At the top of the JS file I created an object containing some SVG icons , which will be used to show a user the predicted result.
/web/static/app.js
const icons = {
upload: `<svg xmlns="http://www.w3.org/2000/svg" width="24" height="24" viewBox="0 0 24 24" fill="none" stroke="currentColor" stroke-width="2" stroke-linecap="round" stroke-linejoin="round"><path d="M21.2 15c.7-1.2 1-2.5.7-3.9-.6-2-2.4-3.5-4.4-3.5h-1.2c-.7-3-3.2-5.2-6.2-5.6-3-.3-5.9 1.3-7.3 4-1.2 2.5-1 6.5.5 8.8m8.7-1.6V21"/><path d="M16 16l-4-4-4 4"/></svg>`,
// we add the loading class to this one so it spins when we add it to the DOM
loading: `<svg class="loading" xmlns="http://www.w3.org/2000/svg" width="24" height="24" viewBox="0 0 24 24" fill="none" stroke="currentColor" stroke-width="2" stroke-linecap="round" stroke-linejoin="round"><line x1="12" y1="2" x2="12" y2="6"></line><line x1="12" y1="18" x2="12" y2="22"></line><line x1="4.93" y1="4.93" x2="7.76" y2="7.76"></line><line x1="16.24" y1="16.24" x2="19.07" y2="19.07"></line><line x1="2" y1="12" x2="6" y2="12"></line><line x1="18" y1="12" x2="22" y2="12"></line><line x1="4.93" y1="19.07" x2="7.76" y2="16.24"></line><line x1="16.24" y1="7.76" x2="19.07" y2="4.93"></line></svg>`,
square: `<svg xmlns="http://www.w3.org/2000/svg" width="24" height="24" viewBox="0 0 24 24" fill="none" stroke="currentColor" stroke-width="2" stroke-linecap="round" stroke-linejoin="round"><rect x="3" y="3" width="18" height="18" rx="2" ry="2"></rect></svg>`,
triangle: `<svg xmlns="http://www.w3.org/2000/svg" width="24" height="24" viewBox="0 0 24 24" fill="none" stroke="currentColor" stroke-width="2" stroke-linecap="round" stroke-linejoin="round"><path d="M3 20h18L12 4z"/></svg>`,
star: `<svg xmlns="http://www.w3.org/2000/svg" width="24" height="24" viewBox="0 0 24 24" fill="none" stroke="currentColor" stroke-width="2" stroke-linecap="round" stroke-linejoin="round"><polygon points="12 2 15.09 8.26 22 9.27 17 14.14 18.18 21.02 12 17.77 5.82 21.02 7 14.14 2 9.27 8.91 8.26 12 2"></polygon></svg>`,
circle: `<svg xmlns="http://www.w3.org/2000/svg" width="24" height="24" viewBox="0 0 24 24" fill="none" stroke="currentColor" stroke-width="2" stroke-linecap="round" stroke-linejoin="round"><circle cx="12" cy="12" r="10"></circle></svg>`
}
Next, I selected the canvas and all of the buttons.

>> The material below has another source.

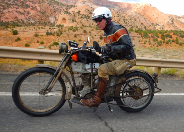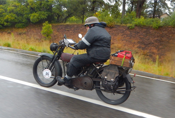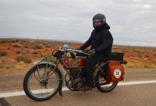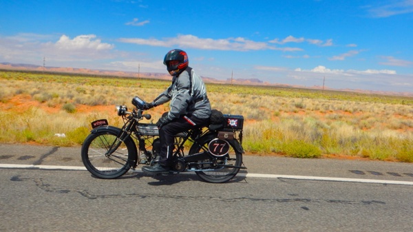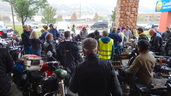 I slept right through my alarm clock. The days have been long and the nights short. It’s beginning to wear on the entire crew. We woke to steady rain, not a welcome sight. Riders began donning garbage bags and goggles, taking last sips of warm coffee but not wanting to have to stop to use a restroom because of the additional clothing. The Motorcycle Cannonball is truly a test of both man and machine. Who will endure to the end??? Only 58 riders started out today. Currently the 5 front runners have been steady. They are on two Harley Davidsons and three Hendersons. Today we face more steep grades as we climb into the High Desert. 262 miles with elevations of 3700 to 8400 feet and a stop at Four Corners Monument. The monument immortalizes the intersection of Arizona, New Mexico, Colorado and Utah. The countdown began and the riders were off!

const canvas = document.querySelector(".app__canvas")
// used to draw stuff on the canvas
const ctx = canvas.getContext("2d")
// resize canvas to canvas dimensions specified in CSS
canvas.width = canvas.offsetWidth
canvas.height = canvas.offsetHeight
const [ prediction, refreshButton, penButton, fillButton, uploadButton ] = document.querySelectorAll(".app__buttons button")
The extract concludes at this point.